Раньше мальчишки избегали приходить в дом, где нет усатого папаши, отслужившего на флоте, который может басовито рассказывать истории, а мать не умеет печь пирожки, но через пару лет квартира превратилась в проходной двор. Они заявлялись словно в музей редкостей, напрашивались в гости, чтобы потаращиться на тридцатилетнюю женщину, похожую на их сестру, но стоило им ее увидеть, как они оседали надолго. Мэгги была женщиной мечты, появляющейся в мастурбационных грезах. Пока я оставался маленьким, харизма матери проявлялась только в сказках и историях про отца, который то оказывался барабанщиком рок-группы, то пришельцем с другой планеты, то страшным демоном. Когда ты мелкий, быть отпрыском монстра с тысячью щупалец прикольно, но когда ты подрастаешь, истории уже не катят.
Даже те из родителей, что общаются запанибрата, все же держат дистанцию. У Мэгги она тоже была, но не такая. Дистанция девчонки, которая тебя не хочет. Дистанция девчонки, которая считает тебя необразованным идиотом. Дистанция девчонки, умеющей больше, чем ты. Все остальное время она была точно такой же, как любой из нас. И ничего ужаснее этого придумать было невозможно.
– Тебе чертовски повезло, чувак. – Стэн сидел на лестнице и украдкой курил. – Тебе не запрещают покупать сигареты, а твоя мать умеет рубить на электрогитаре почище, чем я. Я бы о многое тдал, чтобы быть тобой.
Если вы подумали, что моя мать была больной на голову потаскухой, вы попали впросак. Многие думали так же, основываясь на слухах, которыми полнился городишко, но Мэгги не трахалась ни с кем из мальчишек. Иногда она смотрела на них так, что зрачки готовы были лопнуть, но еще никогда до того случая с Клайвом она ни к кому не притрагивалась. В маленьких городках полно грязного белья, и обыденные похождения Мэгги не выходили за рамки. Разве что она не скрывала, что любит выпить пива в компании каких-нибудь блюзменов.
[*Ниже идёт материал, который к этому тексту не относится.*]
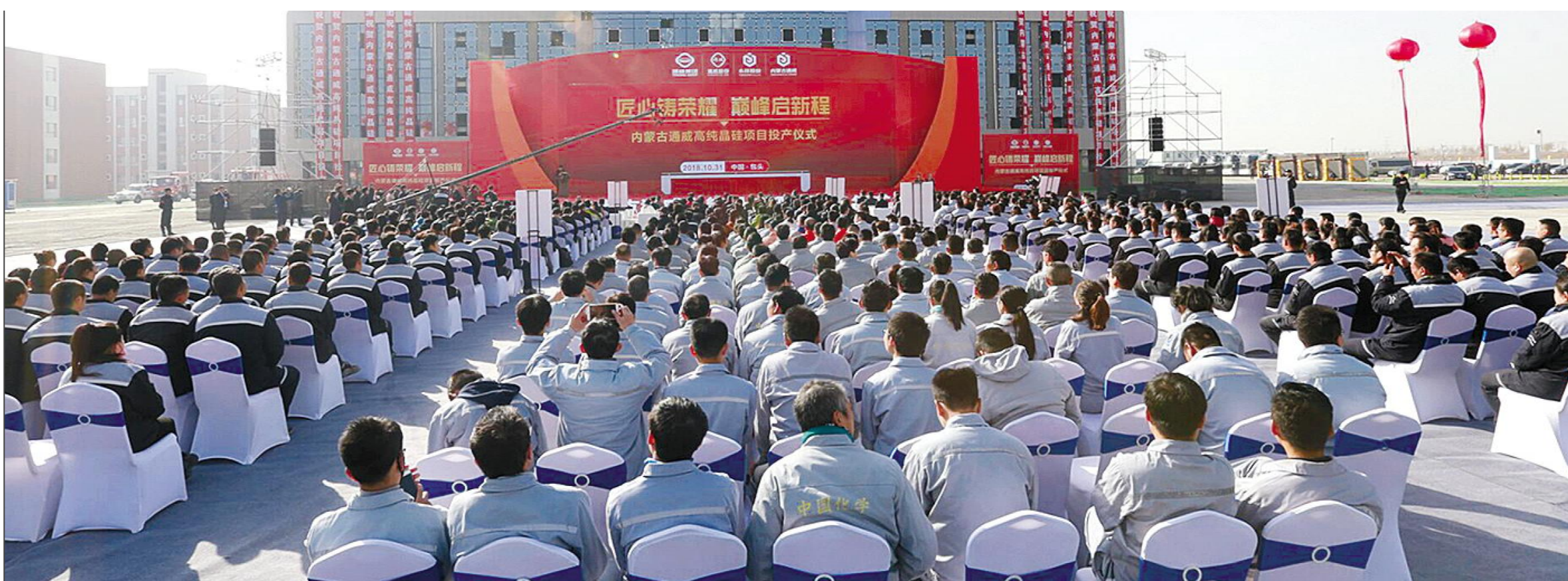
项目投产仪式现场

Денег у нас постоянно не хватало. Когда мне было лет восемь, мы сидели на крыше дома, среди леса телевизионных тарелок, свесив ноги вниз. Мэгги не тряслась над моим здоровьем и поддразнивала, если кто-то угрожал кулаками. Наверное, поэтому меня никто не задирал – прийти к ней и признаться, что тебя отдубасили какие-то ослы, было невозможно. Я всегда бил в лицо, не разбираясь, сильное ли нанесено оскорбление. Тогда, на крыше, она была похожа на девчонку-панка – рваные джинсы, куртка, вечная гитара за плечами, лохматая. Очень красивая. Матери не должны быть такими… дикими.
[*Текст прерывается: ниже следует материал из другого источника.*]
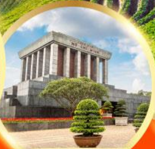
สุสานโฮจิมินห์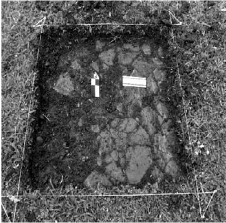
Figura 9. Piso de baldosas encontrado en el sondeo del sitio Concepción 5. Figura

por unanimidad, presentan un saber de que esta región estaba conformada por antiguas reducciones jesuíticas. En algunos casos se habla de Concepción como “la reducción más antigua de la provincia”.

– В городе смеются, что ты не похожа на них, – с обидой произнес я.
Отпечаток ее отверженности ложился и на меня. В школе все просто исходили желчью, когда вспоминали, как однажды пришли на день рождения и увидели вместо пухлой домохозяйки и шикарного ужина с тортом и свечками панкушку лет двадцати с небольшим. Мэгги до сих пор не удосужилась найти нормальную работу, а ездила в город играть блюз в разных клубах. За это местные работяги ее презирали. А уж когда несколькими годами позже прошел слух, что она предпочитает проводить время с двенадцатилетними друзьями своего сына, а не с местными завидными мужиками, все стало еще хуже. Говоря по правде, слух о том, что мою мать тянет к подросткам, пустил Джойс – местный ловкач, ухлестывающий за домохозяйками, пока их мужья пропадали на работе. Недавно мне стало понятно, почему он это сделал, но тогда…
– Ты сейчас сильно хочешь стать таким же, как они. – Мэгги бросила вниз камешек. – Чтобы они не показывали пальцем и не шушукались за спиной. Но если подумать, в их жизни нет ничего запоминающегося… Да и просто – ничего.
– Я хочу, чтобы ты была как все!
Она дала мне пощечину, ничего не объясняя.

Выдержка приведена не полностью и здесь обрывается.